— TASK DESCRIPTION —
Please give again exactly the lines from the top of the material through the line with "Hobby Boss 82477"; omit each picture.
[Start of Attachment]
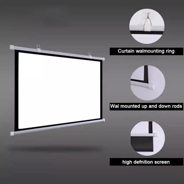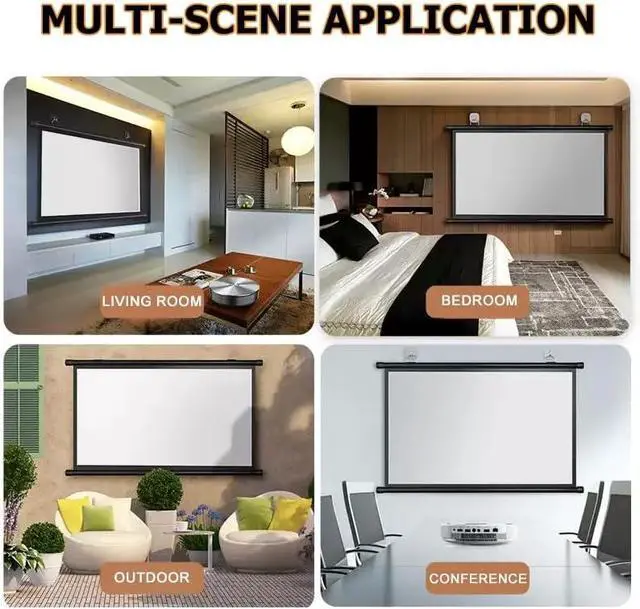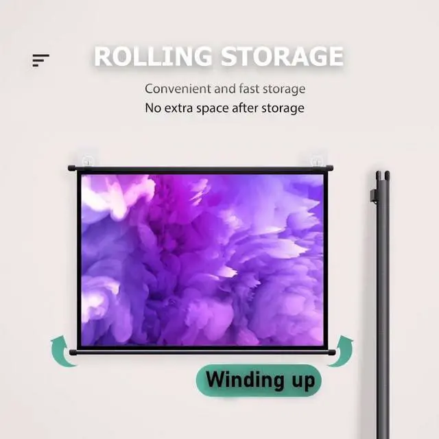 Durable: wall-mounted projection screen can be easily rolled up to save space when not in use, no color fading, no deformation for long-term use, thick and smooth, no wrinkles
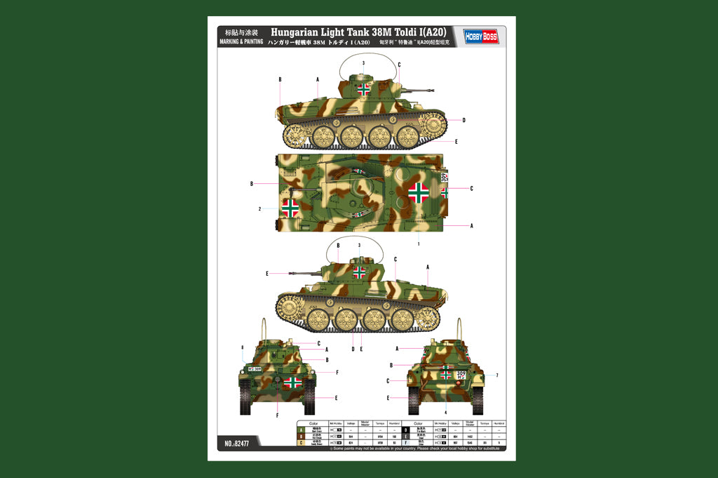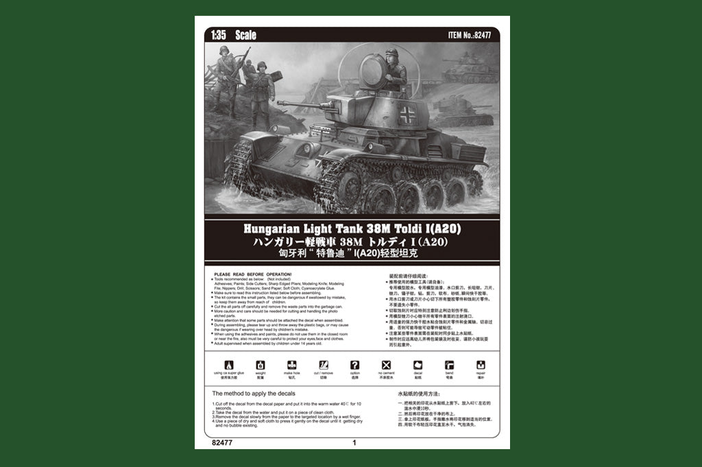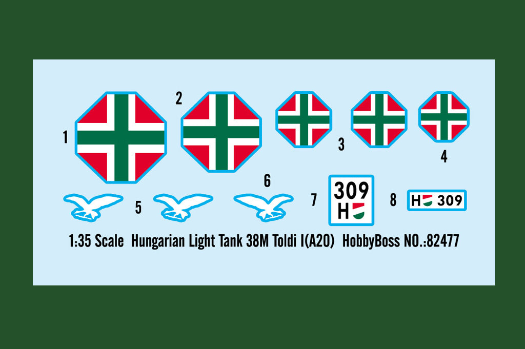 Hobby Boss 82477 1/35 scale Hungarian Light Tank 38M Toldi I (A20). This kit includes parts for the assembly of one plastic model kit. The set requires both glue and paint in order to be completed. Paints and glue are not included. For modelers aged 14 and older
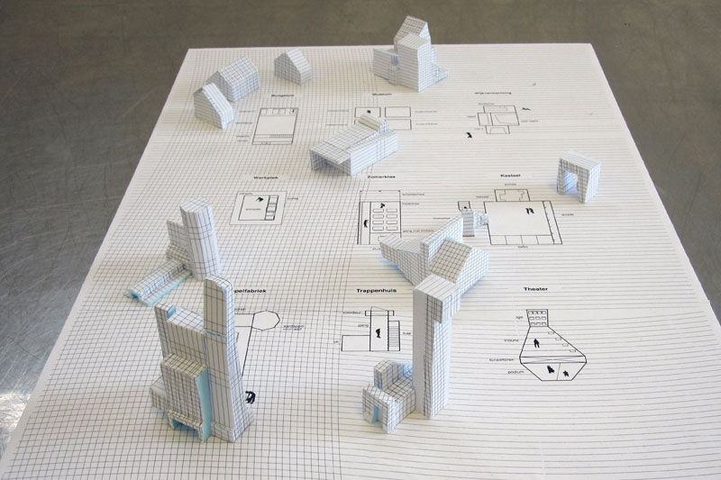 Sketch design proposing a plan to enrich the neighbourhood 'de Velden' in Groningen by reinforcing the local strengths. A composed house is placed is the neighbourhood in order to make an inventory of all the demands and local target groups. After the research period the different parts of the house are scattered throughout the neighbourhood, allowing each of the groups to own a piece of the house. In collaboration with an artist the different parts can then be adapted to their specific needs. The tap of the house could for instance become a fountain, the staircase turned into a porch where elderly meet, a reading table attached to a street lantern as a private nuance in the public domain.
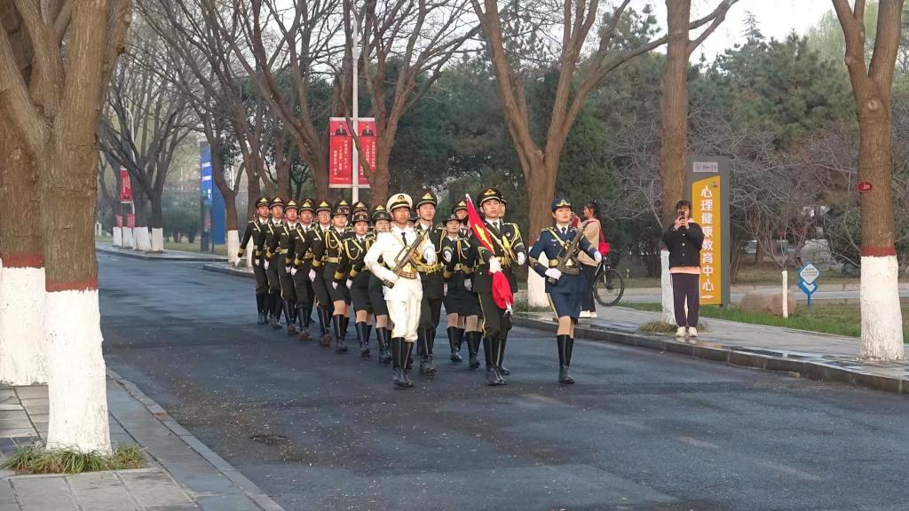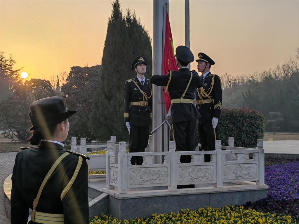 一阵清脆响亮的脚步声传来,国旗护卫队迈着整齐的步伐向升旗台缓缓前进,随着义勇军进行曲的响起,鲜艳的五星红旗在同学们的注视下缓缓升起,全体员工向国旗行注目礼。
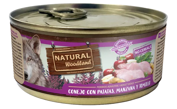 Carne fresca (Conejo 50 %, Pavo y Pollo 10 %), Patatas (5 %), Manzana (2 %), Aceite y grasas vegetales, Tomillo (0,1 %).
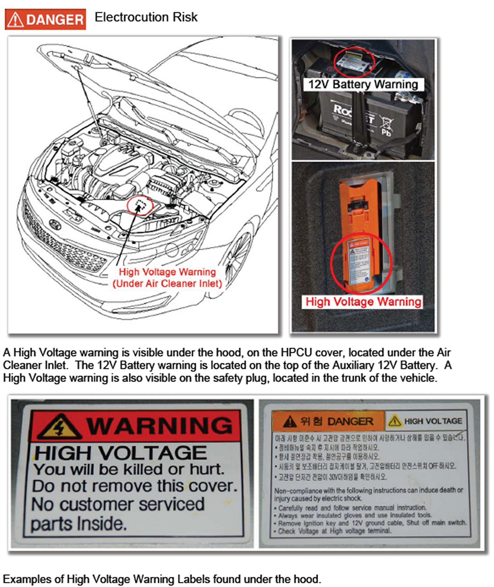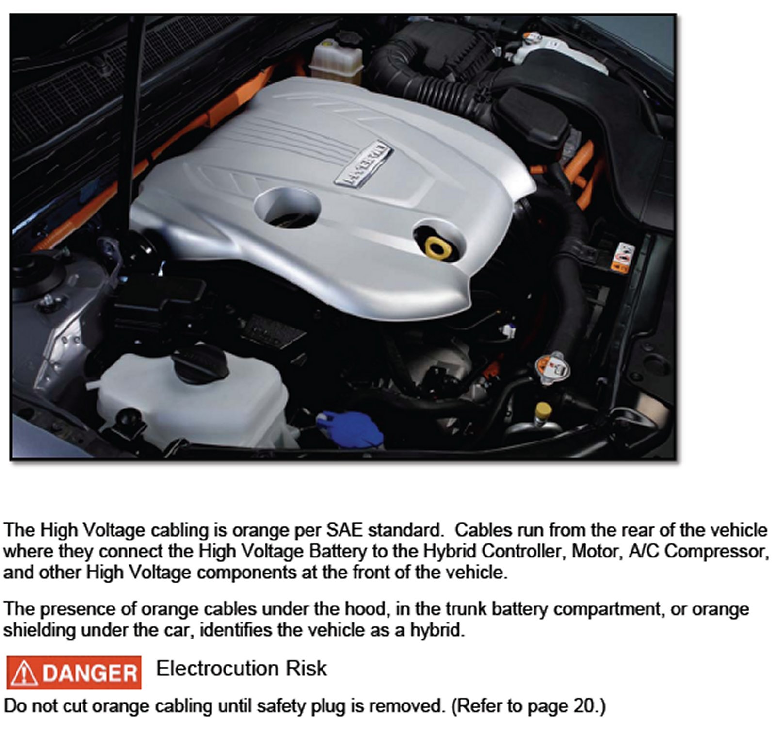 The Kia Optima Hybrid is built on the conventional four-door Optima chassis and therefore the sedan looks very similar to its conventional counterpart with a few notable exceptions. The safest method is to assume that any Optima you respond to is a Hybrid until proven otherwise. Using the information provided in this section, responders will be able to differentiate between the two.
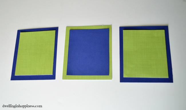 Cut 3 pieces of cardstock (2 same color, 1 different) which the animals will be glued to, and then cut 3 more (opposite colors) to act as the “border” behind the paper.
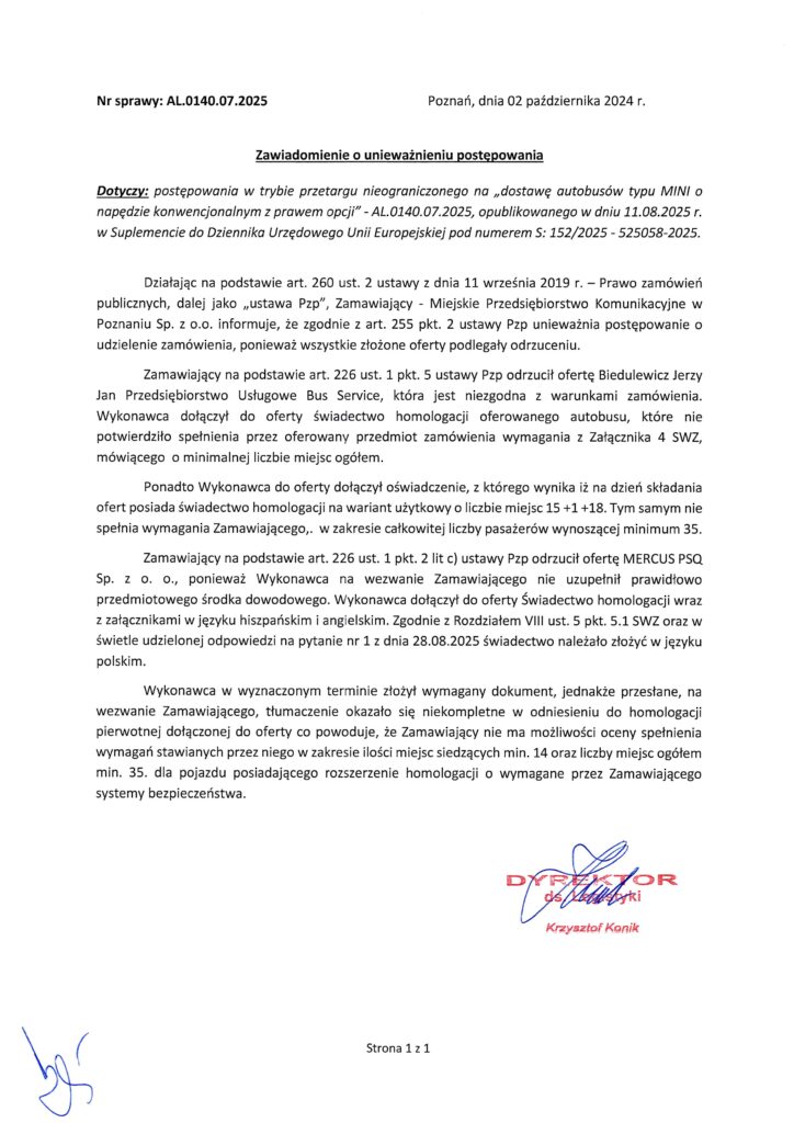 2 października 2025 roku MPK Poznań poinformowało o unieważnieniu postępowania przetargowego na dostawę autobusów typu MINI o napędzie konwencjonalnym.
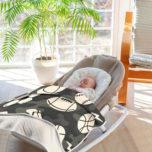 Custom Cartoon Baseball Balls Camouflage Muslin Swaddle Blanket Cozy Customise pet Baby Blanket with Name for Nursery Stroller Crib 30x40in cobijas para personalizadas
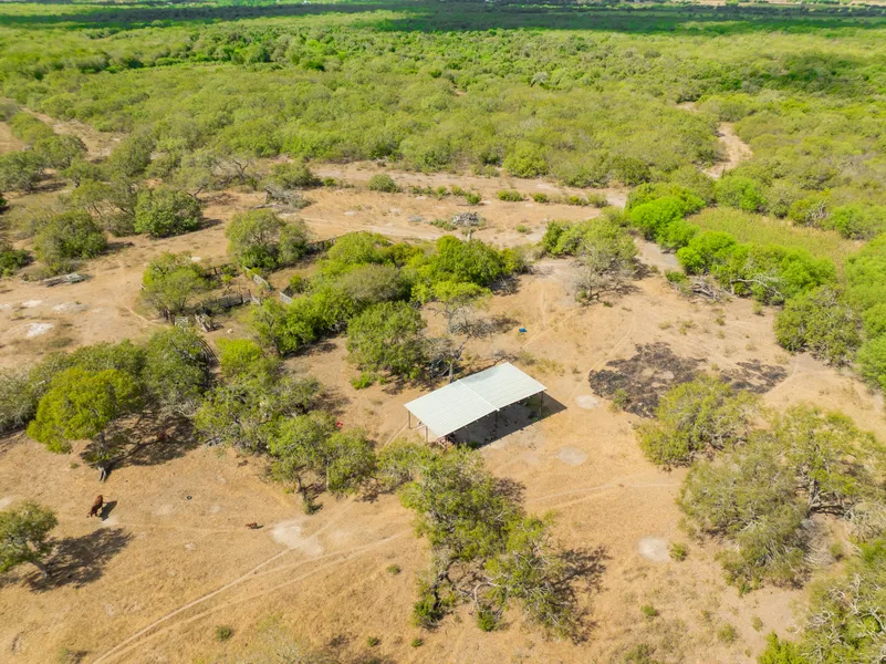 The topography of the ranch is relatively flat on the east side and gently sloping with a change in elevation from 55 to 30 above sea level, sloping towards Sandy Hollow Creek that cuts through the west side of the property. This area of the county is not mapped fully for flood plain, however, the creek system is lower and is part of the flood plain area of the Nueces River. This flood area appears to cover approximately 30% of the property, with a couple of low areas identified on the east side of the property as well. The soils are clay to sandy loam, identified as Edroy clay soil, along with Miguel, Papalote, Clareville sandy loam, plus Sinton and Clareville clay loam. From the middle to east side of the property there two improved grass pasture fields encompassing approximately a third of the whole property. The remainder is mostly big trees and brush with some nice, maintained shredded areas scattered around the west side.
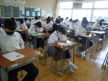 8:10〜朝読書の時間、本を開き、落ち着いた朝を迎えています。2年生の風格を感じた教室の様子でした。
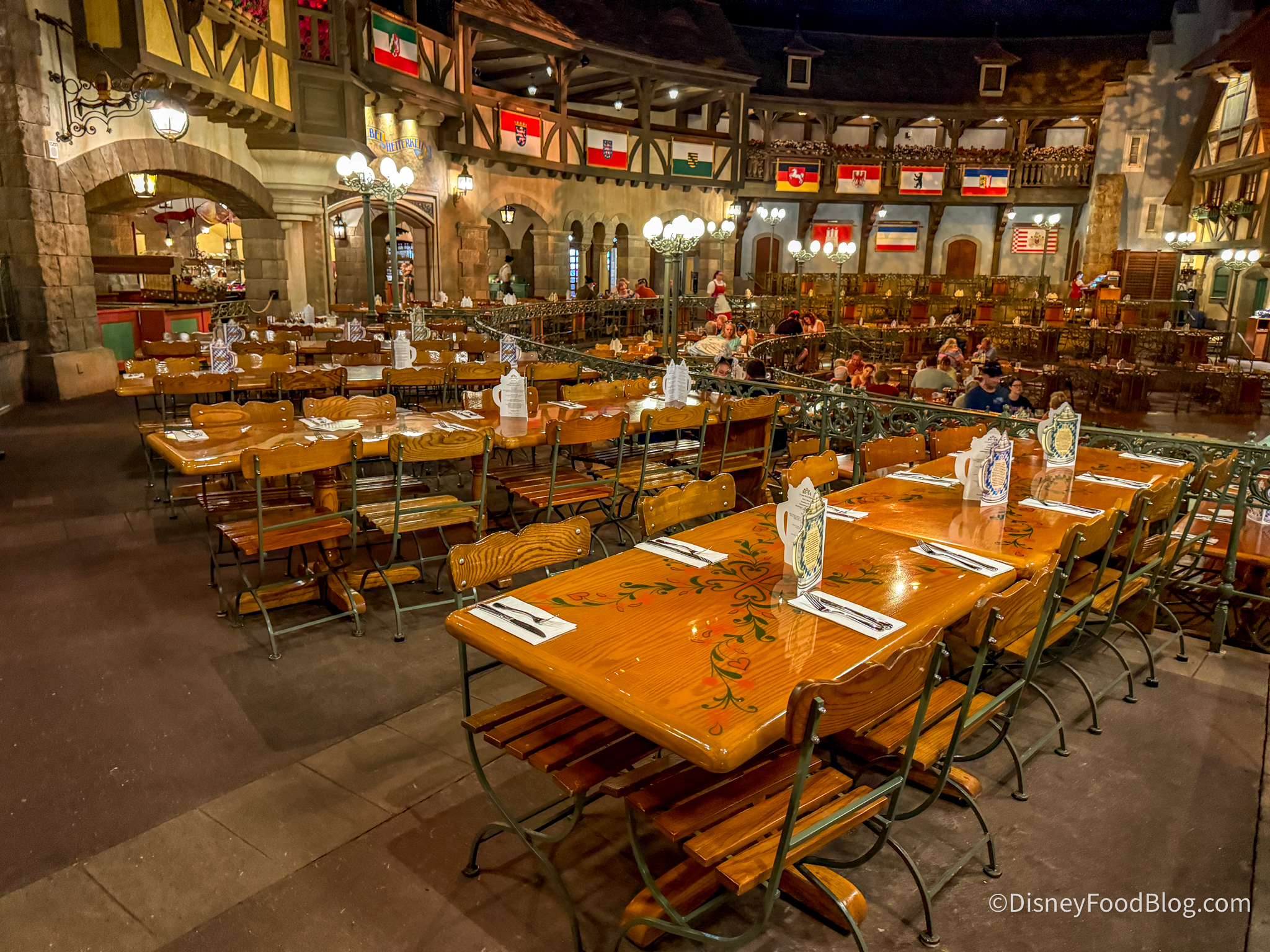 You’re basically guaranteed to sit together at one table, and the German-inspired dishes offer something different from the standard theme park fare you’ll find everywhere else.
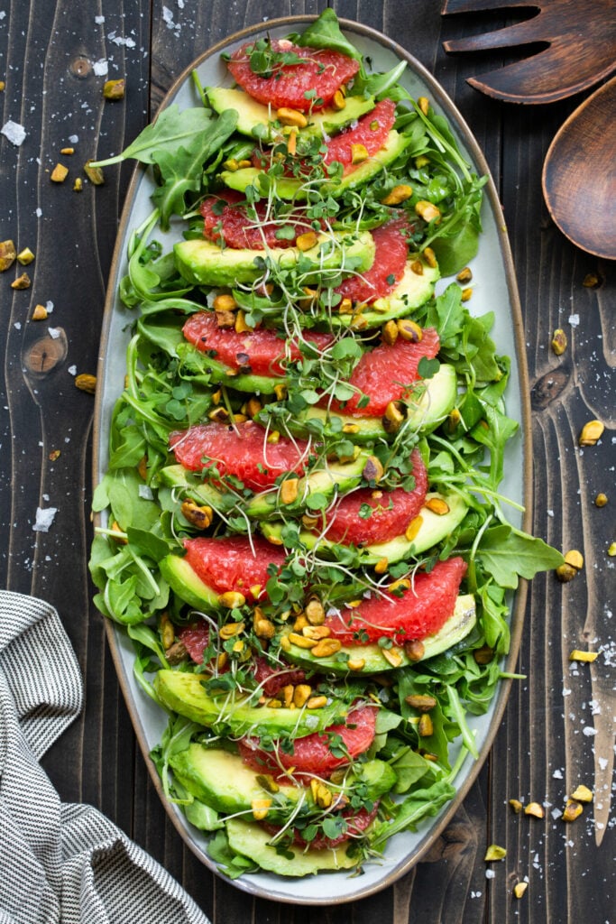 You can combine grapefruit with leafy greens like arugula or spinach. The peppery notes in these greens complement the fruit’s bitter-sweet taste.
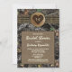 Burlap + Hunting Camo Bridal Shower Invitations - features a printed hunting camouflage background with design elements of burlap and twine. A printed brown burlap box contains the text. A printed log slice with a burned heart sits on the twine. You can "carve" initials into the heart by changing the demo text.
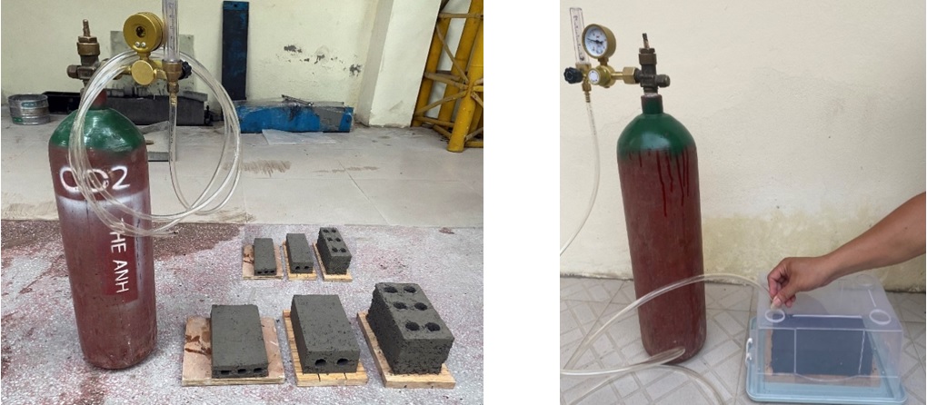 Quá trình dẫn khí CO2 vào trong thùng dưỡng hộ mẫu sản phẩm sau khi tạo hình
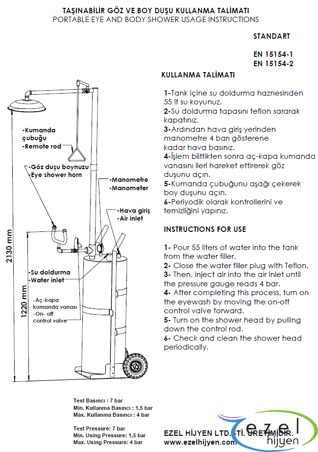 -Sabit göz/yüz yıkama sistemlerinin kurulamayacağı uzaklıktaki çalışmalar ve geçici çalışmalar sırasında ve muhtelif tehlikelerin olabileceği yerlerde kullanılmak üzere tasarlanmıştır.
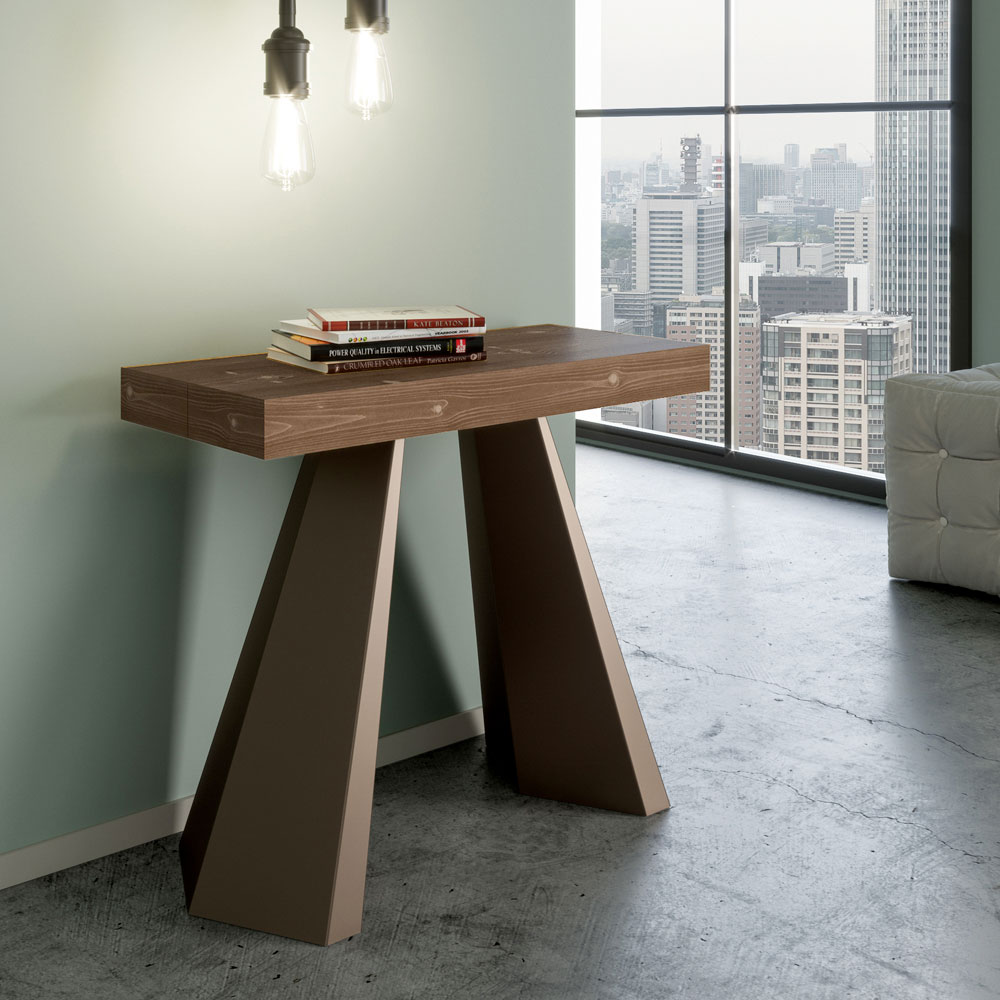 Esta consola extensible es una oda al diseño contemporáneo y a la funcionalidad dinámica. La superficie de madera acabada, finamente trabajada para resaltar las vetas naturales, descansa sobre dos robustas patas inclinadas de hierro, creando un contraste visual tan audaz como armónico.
[End of Attachment]
— ANSWER BELOW —
 Durable: wall-mounted projection screen can be easily rolled up to save space when not in use, no color fading, no deformation for long-term use, thick and smooth, no wrinkles
 Hobby Boss 82477 1/35 scale Hungarian Light Tank 38M Toldi I (A20). This kit includes parts for the assembly of one plastic model kit. The set requires both glue and paint in order to be completed. Paints and glue are not included. For modelers aged 14 and older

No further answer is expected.